Exadata 22.1 brings a new and comprehensive monitoring solution for extracting detailed statistics across the Exadata machine. Exadata Real-Time Insight allows machine administrators to stream over 200 unique metrics directly from Exadata Database and Storage Servers at as low as one-second intervals.
Metrics and statistics are currently collected in Exadata via the management server (MS) and available to the end-user via the CLI command list metrichistory
or list metriccurrent
. Other OS-level metrics are collected by ExaWatcher and stored on the filesystem. Both types of statistics are automatically gathered and maintained on the individual servers and are programmatically recycled based on time and space availability.
The goal of Exadata Real-Time Insight is to centralize the gathering mechanism of all metrics and statistics from Exadata Database and Storage Servers, removing the need to collect data from each server.
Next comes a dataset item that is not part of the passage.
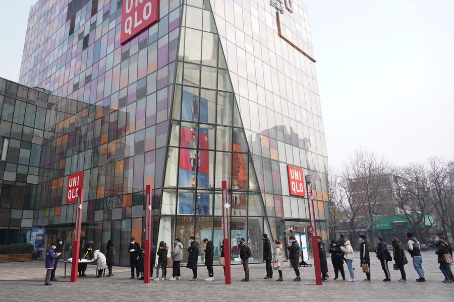 People line up to take body temperature checks at Sanlitun business area in Beijing, capital of China, on Feb. 12, 2020. Work and production has resumed gradually in enterprises, communities and malls, etc. in Beijing since Feb. 10 with comprehensive measures taken to prevent and control the epidemic caused by the novel coronavirus. (Xinhua/Ju Huanzong)

This centralized stream can then be used to build monitoring dashboards using many standard and popular observation applications, providing a single portal to observe Exadata metrics over time. Therefore, any incident or anomaly in activity can be quickly identified for further analysis using these dashboards. Metrics can be off-loaded to external systems for future reporting and analysis.
All types of Exadata Servers are capable of streaming metrics, including:
Metrics can be enabled for fine-grained collection using the new alter metricdefinition <..> finegrained=enabled
command in the relevant CLI tool (dbmcli, cellcli
), as described in the relevant documentation section (for cellcli
here, and dbmcli
here). You can get the complete list of metrics and a description of each by running the list metricdefinition detail
command. As mentioned, there are over 200, so I'm not going to describe them here.. A quick example, I'm on a storage server at the moment:
CellCLI> list metricdefinition detail
name: CD_BY_FC_DIRTY
description: "Number of unflushed megabytes cached in FLASHCACHE on a cell disk"
fineGrained: Disabled
metricType: Instantaneous
objectType: CELLDISK
unit: MB
name: CD_IO_BY_R_LG
description: "Number of megabytes read in large blocks from a cell disk"
fineGrained: Disabled
metricType: Cumulative
objectType: CELLDISK
unit: MB
name: CD_IO_BY_R_LG_SEC
description: "Number of megabytes read in large blocks per second from a cell disk"
fineGrained: Disabled
metricType: Rate
objectType: CELLDISK
unit: MB/sec
And so on for another few pages...
You'll notice I have the fine-grained collection currently disabled in the above. Also, please take note of the metricType
, as it will help when building dashboards later. Metrictype may be; cumulative, over a predefined time period (rate), or instantaneous.
You could enable all metrics for fine-grained monitoring with a command like:
CellCLI> alter metricdefinition finegrained=enabled where finegrained=disable
Or work up from a few metrics and add more over time. In Software 22.1, we've enabled a set of suggested metrics as a starting point. These can be disabled, and others enabled based on the users’ preference, and these settings persist through software updates.
For this demo, I've turned off all fine-grained collection. I'll add one from the database server and one from the storage server so you can see the flow. We'll capture the "number of megabytes allocated in flash cache for a pluggable database" (PDB_FC_BY_ALLOCATED
) metric for the Storage Server.
CellCLI> alter metricdefinition PDB_FC_BY_ALLOCATED finegrained=enabled
MetricDefinition PDB_FC_BY_ALLOCATED successfully altered.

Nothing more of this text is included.